━━━ Exercise data ━━━

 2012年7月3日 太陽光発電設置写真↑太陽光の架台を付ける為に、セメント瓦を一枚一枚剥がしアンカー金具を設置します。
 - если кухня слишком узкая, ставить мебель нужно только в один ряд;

━━━
━━━ Exercise data ━━━

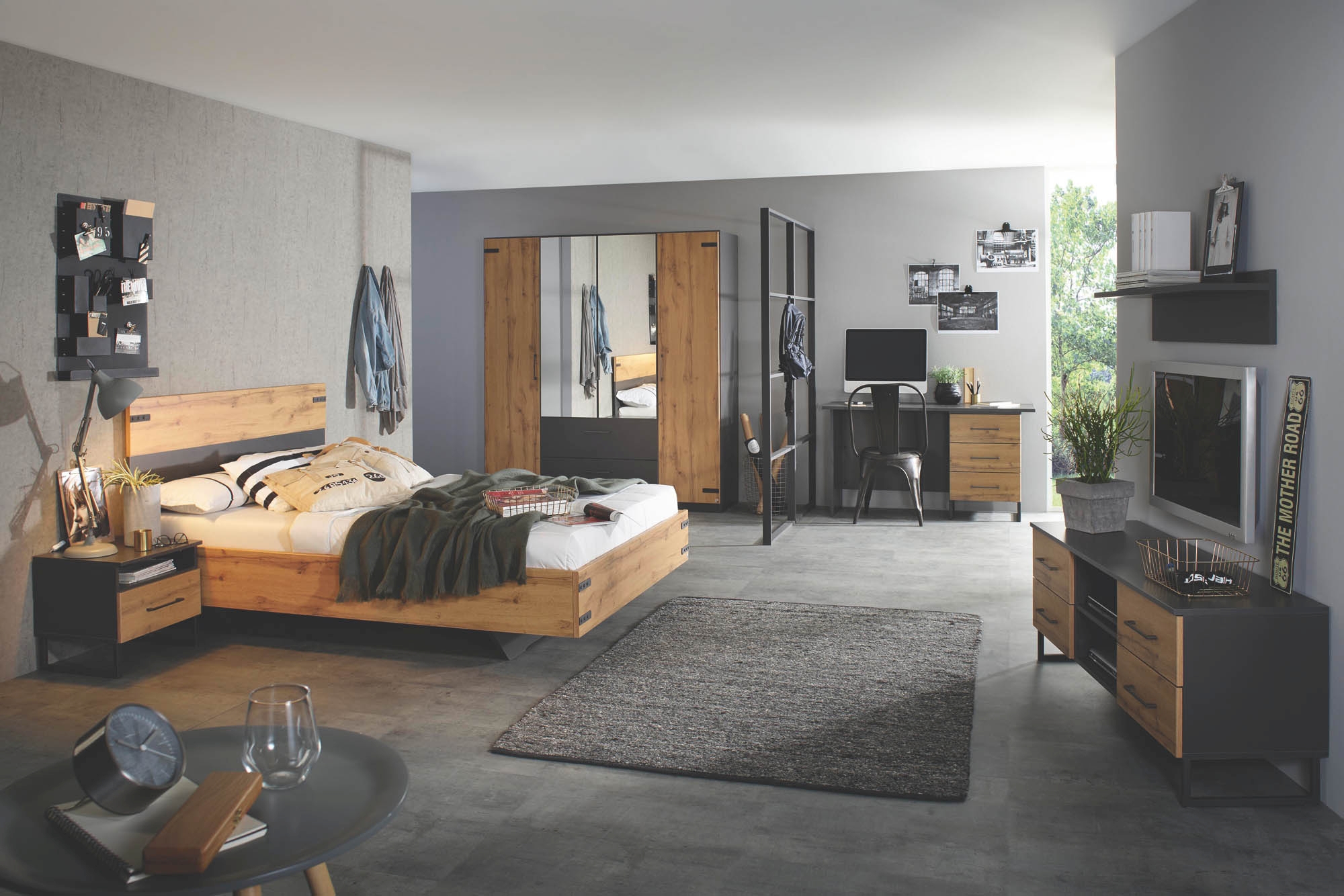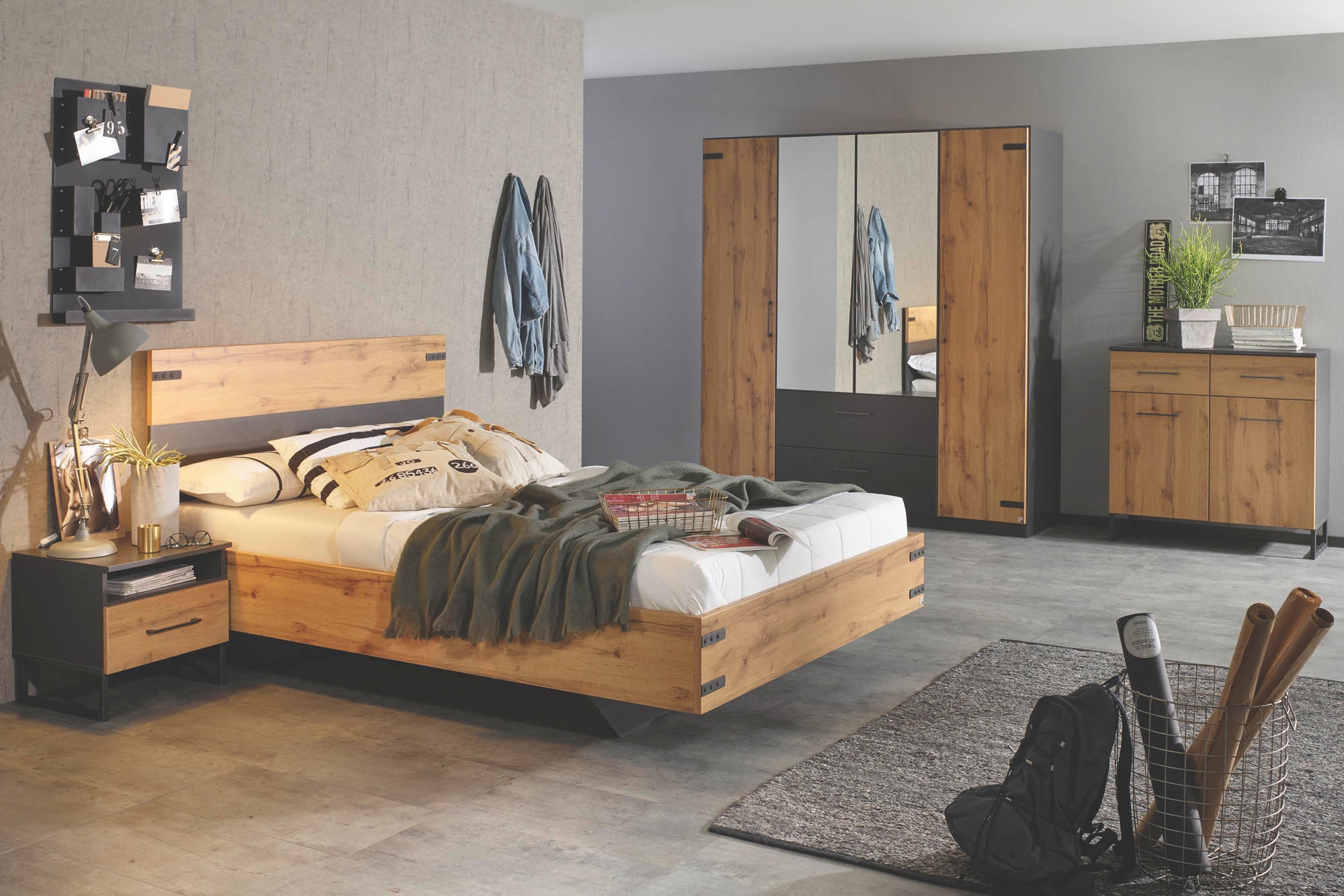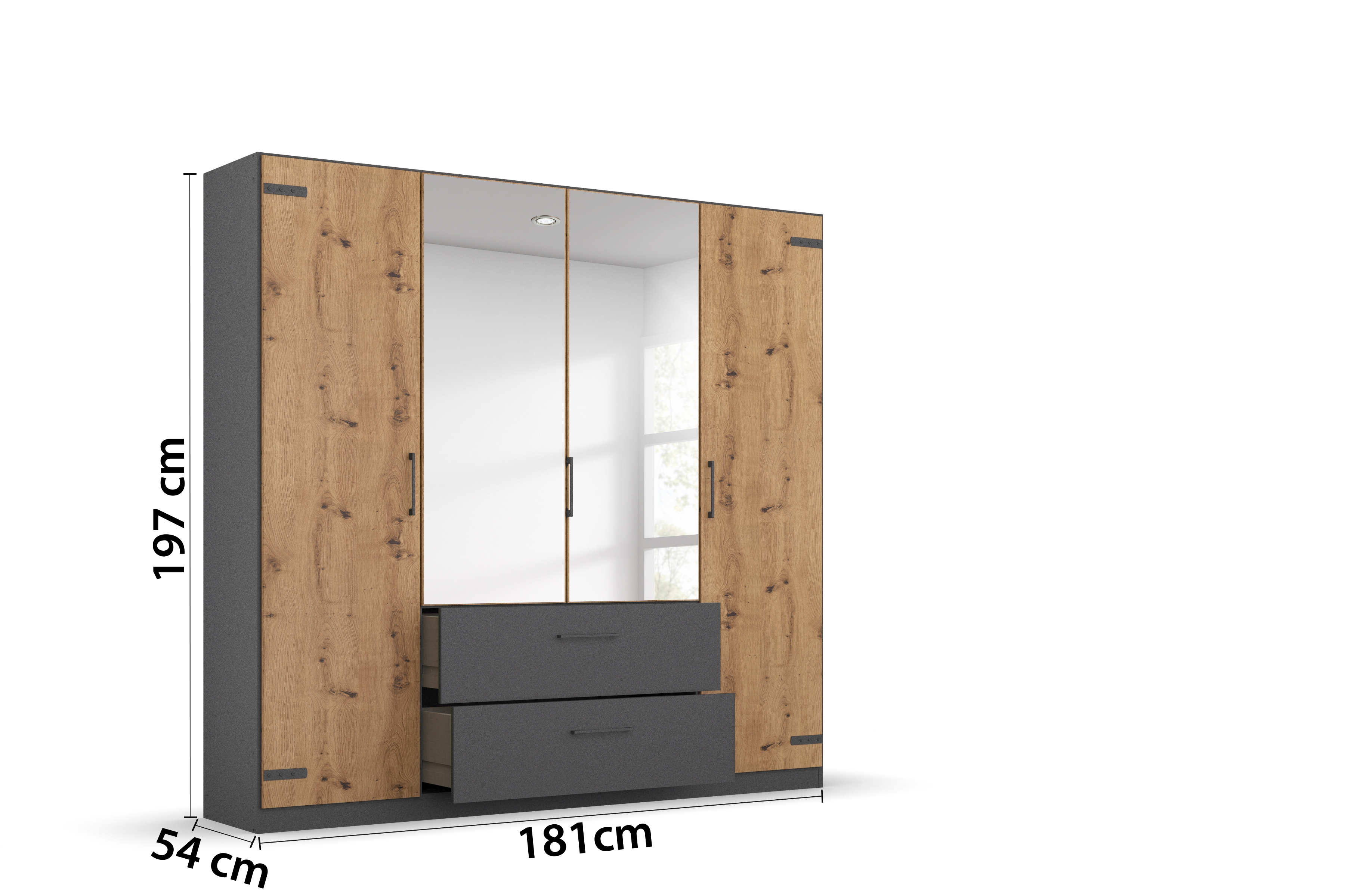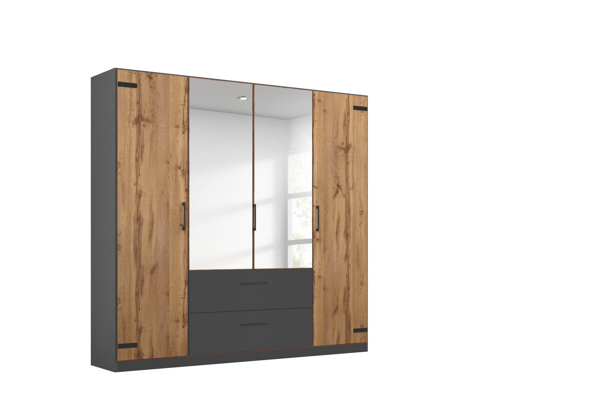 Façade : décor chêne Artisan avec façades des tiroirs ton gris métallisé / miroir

━━━
━━━ Exercise data ━━━

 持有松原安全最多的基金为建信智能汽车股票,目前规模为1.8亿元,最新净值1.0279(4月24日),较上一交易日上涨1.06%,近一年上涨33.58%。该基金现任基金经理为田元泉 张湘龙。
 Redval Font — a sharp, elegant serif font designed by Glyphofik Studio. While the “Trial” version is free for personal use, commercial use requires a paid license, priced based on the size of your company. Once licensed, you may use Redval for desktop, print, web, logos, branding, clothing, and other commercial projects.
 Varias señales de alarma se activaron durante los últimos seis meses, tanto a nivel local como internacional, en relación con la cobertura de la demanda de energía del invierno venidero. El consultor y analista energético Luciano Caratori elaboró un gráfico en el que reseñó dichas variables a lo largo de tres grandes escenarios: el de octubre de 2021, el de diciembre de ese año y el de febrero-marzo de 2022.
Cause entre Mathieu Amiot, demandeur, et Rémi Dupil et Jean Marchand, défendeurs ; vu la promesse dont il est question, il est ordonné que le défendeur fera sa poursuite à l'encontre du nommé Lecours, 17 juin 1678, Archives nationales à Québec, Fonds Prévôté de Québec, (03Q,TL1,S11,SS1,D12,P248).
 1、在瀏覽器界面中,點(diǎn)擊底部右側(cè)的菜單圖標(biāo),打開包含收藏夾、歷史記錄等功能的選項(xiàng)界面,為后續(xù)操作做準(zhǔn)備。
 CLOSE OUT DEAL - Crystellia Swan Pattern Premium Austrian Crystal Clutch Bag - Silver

━━━

- [Task item]: The lines above, starting at the one with "持有松原安全最多的基金为建信" and ending at the one with "CLOSE OUT DEAL", are the only ones to return, exactly as written.

- [Finished exercise]:
 持有松原安全最多的基金为建信智能汽车股票,目前规模为1.8亿元,最新净值1.0279(4月24日),较上一交易日上涨1.06%,近一年上涨33.58%。该基金现任基金经理为田元泉 张湘龙。
 Redval Font — a sharp, elegant serif font designed by Glyphofik Studio. While the “Trial” version is free for personal use, commercial use requires a paid license, priced based on the size of your company. Once licensed, you may use Redval for desktop, print, web, logos, branding, clothing, and other commercial projects.
 Varias señales de alarma se activaron durante los últimos seis meses, tanto a nivel local como internacional, en relación con la cobertura de la demanda de energía del invierno venidero. El consultor y analista energético Luciano Caratori elaboró un gráfico en el que reseñó dichas variables a lo largo de tres grandes escenarios: el de octubre de 2021, el de diciembre de ese año y el de febrero-marzo de 2022.
Cause entre Mathieu Amiot, demandeur, et Rémi Dupil et Jean Marchand, défendeurs ; vu la promesse dont il est question, il est ordonné que le défendeur fera sa poursuite à l'encontre du nommé Lecours, 17 juin 1678, Archives nationales à Québec, Fonds Prévôté de Québec, (03Q,TL1,S11,SS1,D12,P248).
 1、在瀏覽器界面中,點(diǎn)擊底部右側(cè)的菜單圖標(biāo),打開包含收藏夾、歷史記錄等功能的選項(xiàng)界面,為后續(xù)操作做準(zhǔn)備。
 CLOSE OUT DEAL - Crystellia Swan Pattern Premium Austrian Crystal Clutch Bag - Silver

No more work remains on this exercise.